One thing did not quite fit my taste though—it was very formal in the way that
it didn’t give out indicial expressions. And if it wasn’t clear up until this
point, I love indicial expressions, because they pack enough information to
implement a solution in a single line. Almost all books skip these
because they seem cluttered and the professors who wrote them think they’re
trivial to derive. In fact, they are not.
So below, I’ll try to derive indicial expressions for the update equations of
hyperelasticity.
In the case of a hyperelastic material, there exists a strain energy function
\[\begin{equation}
\Psi: \BF \mapsto \Psi(\BF)
\end{equation}\]
which describes the elastic energy stored in the solid, i.e. energy
density per unit mass of the reference configuration.
The total energy stored in $\CB$ is described by the the stored energy
functional
\[\begin{equation}
E(\Bvarphi) := \int_\CB \Psi(\BF)\, \dif m = \int_\CB \rho_0 \Psi(\BF) \dV
\end{equation}\]
The loads acting on the body also form a potential:
\[\begin{equation}
L(\Bvarphi) := \int_\CB \rho_0\bar{\BGamma}\dtp\Bvarphi \dV + \int_{\del\CB_t} \bar{\BT}\dtp\Bvarphi \dA
\end{equation}\]
where $\bar{\BGamma}$ and $\bar{\BT}$ are the prescribed body forces per unit mass and surface tractions
respectively, where $\BT=\BP\BN$ with Cauchy’s stress theorem.
The potential energy of $\CB$ for deformation $\Bvarphi$ is defined as
\[\begin{equation}
\Pi(\Bvarphi) := E(\Bvarphi) - L(\Bvarphi)
\end{equation}\]
Thus the variational formulation reads
Find $\Bvarphi\in V$ such that the functional
\[\begin{equation}
\Pi(\Bvarphi)
= \int_\CB \rho_0\Psi(\BF) \dV
- \int_\CB \rho_0\bar{\BGamma}\dtp\Bvarphi \dV - \int_{\del\CB_t} \bar{\BT}\dtp\Bvarphi \dA
\end{equation}\]
is minimized for $\Bvarphi=\bar{\Bvarphi}$ on $\del\CB_u$.
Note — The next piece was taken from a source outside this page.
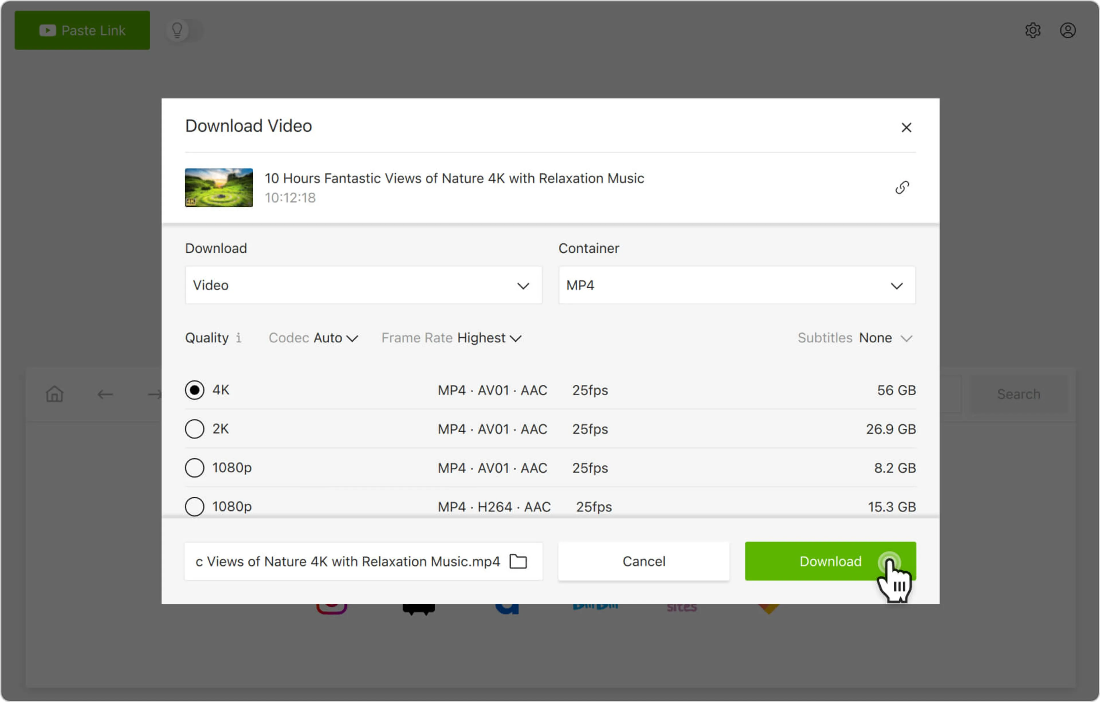 4. Sélectionnez les paramètres de téléchargement. Choisissez le format vidéo, la qualité et le dossier de destination sur votre ordinateur.

The solution is one that minimizes the potential energy:
\[\begin{equation}
\Bvarphi^\ast = \argmin_{\Bvarphi\in V} \Pi(\Bvarphi)
\end{equation}\]
A stationary point for $\Pi$ means that its first variation vanishes: $\var\Pi=0$.
\[\begin{equation}
\begin{aligned}
\var\Pi &= \varn{\Pi}{\Bvarphi}{\vvphi}
=: G(\Bvarphi,\vvphi) \\
&= \int_\CB \rho_0\partd{\Psi}{\BF}: \nabla(\vvphi) \dV
- \int_\CB \rho_0\bar{\BGamma}\dtp\vvphi \dV
- \int_{\del\CB} \bar{\BT}\dtp\vvphi \dA
\end{aligned}
\end{equation}\]
Using $\BP=\BF\BS$ and $\BP = \rho_0\del\Psi/\del\BF$,
\[\begin{equation}
\rho_0\partd{\Psi}{\BF}: \nabla(\vvphi)
= \BF\BS:\nabla(\vvphi)
= \BS:\BF\tra\nabla(\vvphi)
\end{equation}\]
The symmetric part of the term on the right hand side of the contraction is
equal to the variation of the Green-Lagrange strain tensor:
\[\begin{equation}
\begin{aligned}
\var\BE = \varn{\BE}{\Bvarphi}{\vvphi}
&= \deriv{}{\eps} \frac{1}{2}
[\nabla(\Bvarphi+\eps\vvphi)\tra\nabla(\Bvarphi+\eps\vvphi) - \BI]\evat_{\eps=0}
\\
&= \frac{1}{2} [\nabla(\vvphi)\tra\BF + \BF\tra\nabla(\vvphi)]
\end{aligned}
\end{equation}\]
Substituting, we obtain the semilinear form $G$ in terms of the
second Piola-Kirchhoff stress tensor:
\[\begin{equation}
\boxed{
G(\Bvarphi,\vvphi)
= \int_\CB \BS: \var\BE \dV
- \int_\CB \rho_0\bar{\BGamma}\dtp\vvphi \dV
- \int_{\del\CB} \bar{\BT}\dtp\vvphi \dA = 0
}
\label{eq:lagrangianform1}
\end{equation}\]
We can write a Eulerian version of this form by pushing-forward the stresses and
strains.
The Almansi strain $\Be$ is the pull-back of the Green-Lagrange strain $\BE$ and
vice versa:
\[\begin{equation}
\Be = \push(\BE) = \BF\invtra \BE \BF\inv
\eqand
\BE = \pull(\Be) = \BF\tra \BE \BF
\end{equation}\]
Thus we can deduce the variation of the Almansi strain
\[\begin{equation}
\begin{aligned}
\var \Be
= \BF\invtra \var\BE\BF\inv
&= \frac{1}{2} [\nabla(\vvphi)\BF\inv+\BF\invtra \nabla(\vvphi)\tra] \\
&= \frac{1}{2} [\nabla_x(\vvphi)+ \nabla_x(\vvphi)\tra]
\end{aligned}
\end{equation}\]
where we have used the identity
\[\begin{equation}
\nabla_X(\cdot)\BF\inv = \nabla_x(\cdot).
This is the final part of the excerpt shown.